PROVIDED DATA
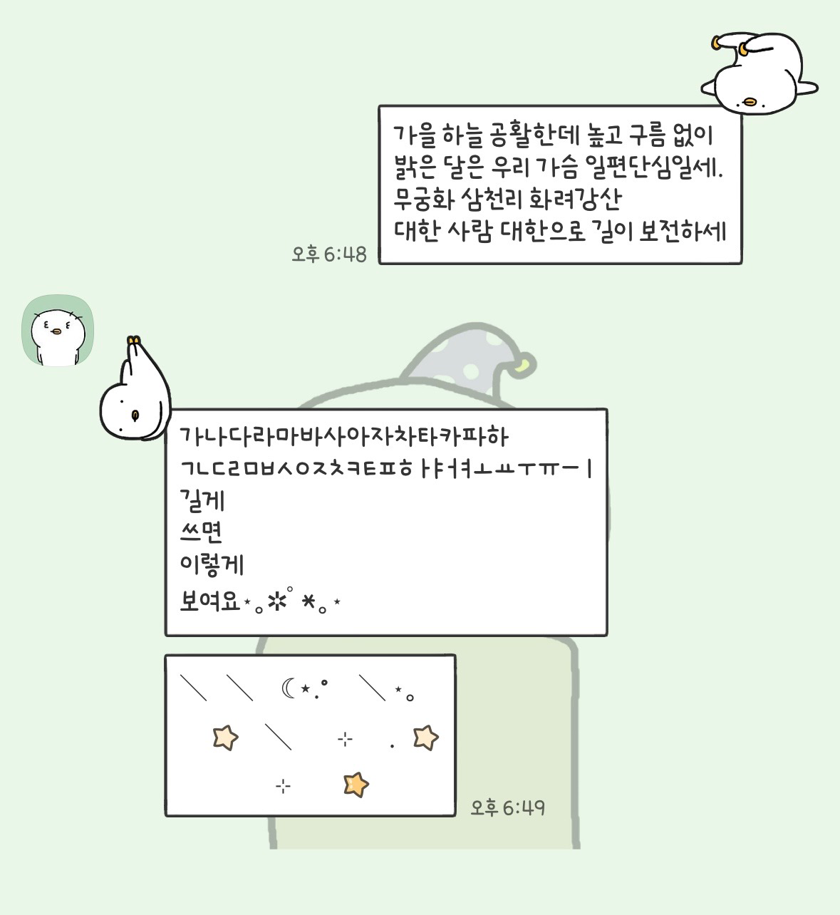 Dear감자칩 / 아이폰 기본 폰트 / 연두님_Pretendard SB 기울기
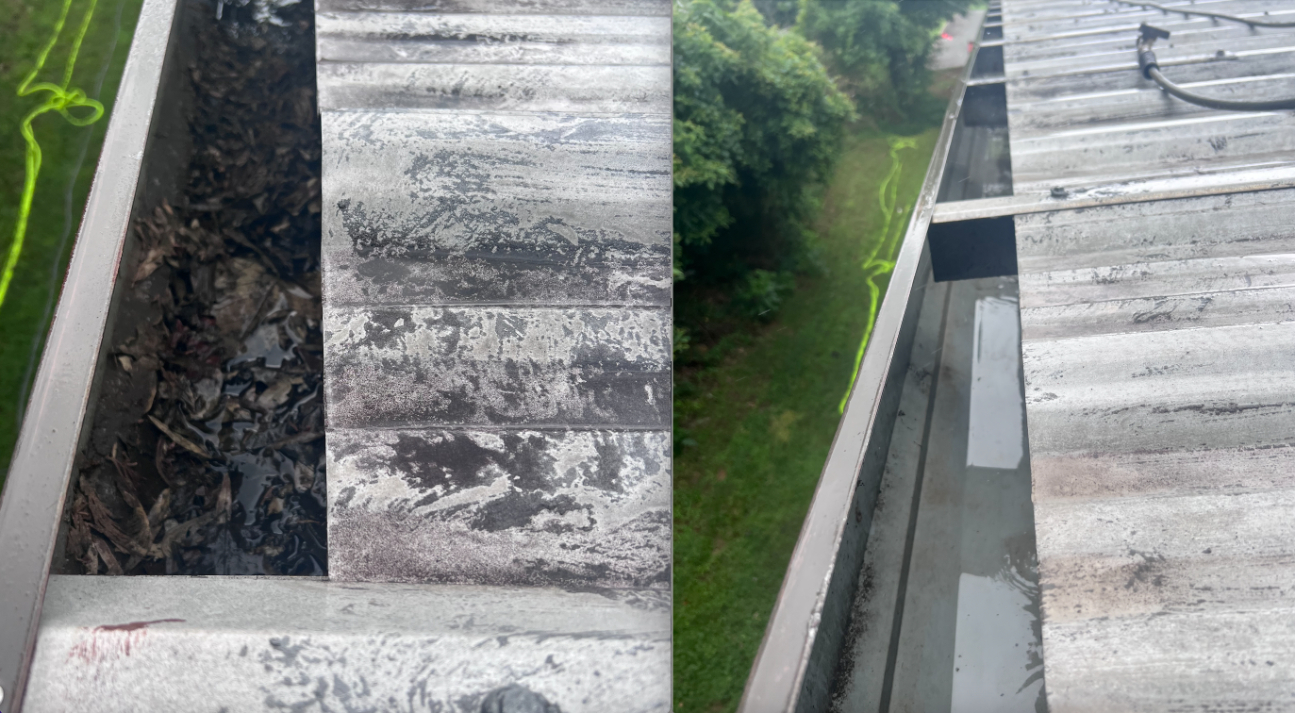 The word is out: We are the #1 Exterior Cleaning Company in Winston-Salem! We are branching into commercial work and this includes gutter cleaning as well! Commercial buildings have much bigger gutters, and in turn, they hold a lot more debris than your average residential sized gutters. Have no fear, we are up for the challenge - check out these before and after photos!
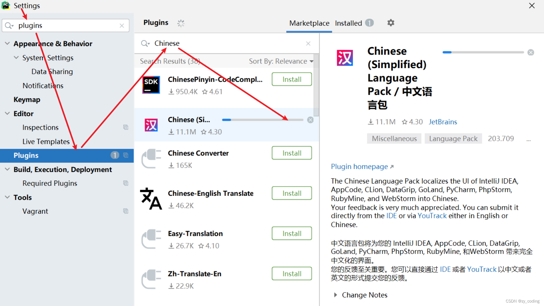 PyCharm之汉化插件的安装_pycharm的中文插件怎么安装-CSDN博客
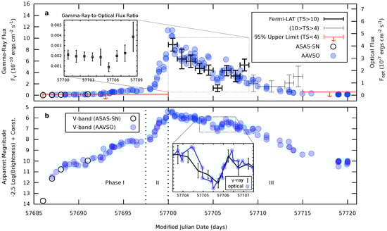 Figure 7. The top panel (a) shows the -ray (black and gray crosses, and red arrows) and bolometric (blue and black circles) light curves of ASASSN-16ma in flux units of ergs cm−2 s−1, using observations from Fermi LAT and ASAS-SN/AAVSO. The bottom panel (b) shows the V-band light curves of the same optical datasets on a magnitude (logarithmic) scale. The inset box in (b) zooms in on the emission dip at MJD 57705 in rays and optical, which directly show the co-variance of the -ray and optical emission on time-scales as short as 0.5 days []. (©Springer Nature. Reproduced with permission.)
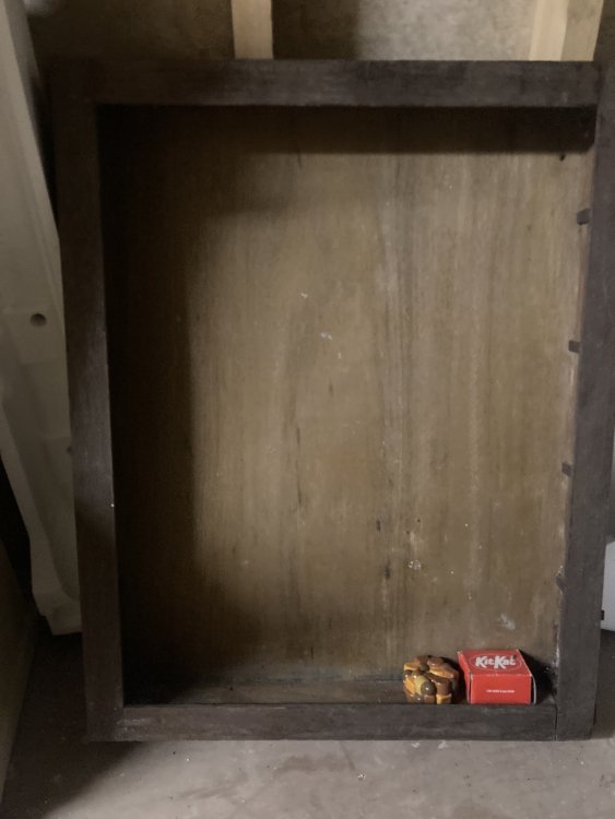 As you can see, there has been some repairs and modifications to it already. It was used in a model show for many years displaying models. It’s clear that 2/4 sides were replaced with some sort of ply wood. The result is a lot of warped and desroyed wood. It might be of use as a frame using the base and the front (would need new glass)

PROBLEM DETAILS
Repeat the data above exactly; images are not part of the copy.

RESPONSE TO THE TASK
 Dear감자칩 / 아이폰 기본 폰트 / 연두님_Pretendard SB 기울기
 The word is out: We are the #1 Exterior Cleaning Company in Winston-Salem! We are branching into commercial work and this includes gutter cleaning as well! Commercial buildings have much bigger gutters, and in turn, they hold a lot more debris than your average residential sized gutters. Have no fear, we are up for the challenge - check out these before and after photos!
 PyCharm之汉化插件的安装_pycharm的中文插件怎么安装-CSDN博客
 Figure 7. The top panel (a) shows the -ray (black and gray crosses, and red arrows) and bolometric (blue and black circles) light curves of ASASSN-16ma in flux units of ergs cm−2 s−1, using observations from Fermi LAT and ASAS-SN/AAVSO. The bottom panel (b) shows the V-band light curves of the same optical datasets on a magnitude (logarithmic) scale. The inset box in (b) zooms in on the emission dip at MJD 57705 in rays and optical, which directly show the co-variance of the -ray and optical emission on time-scales as short as 0.5 days []. (©Springer Nature. Reproduced with permission.)
 As you can see, there has been some repairs and modifications to it already. It was used in a model show for many years displaying models. It’s clear that 2/4 sides were replaced with some sort of ply wood. The result is a lot of warped and desroyed wood. It might be of use as a frame using the base and the front (would need new glass)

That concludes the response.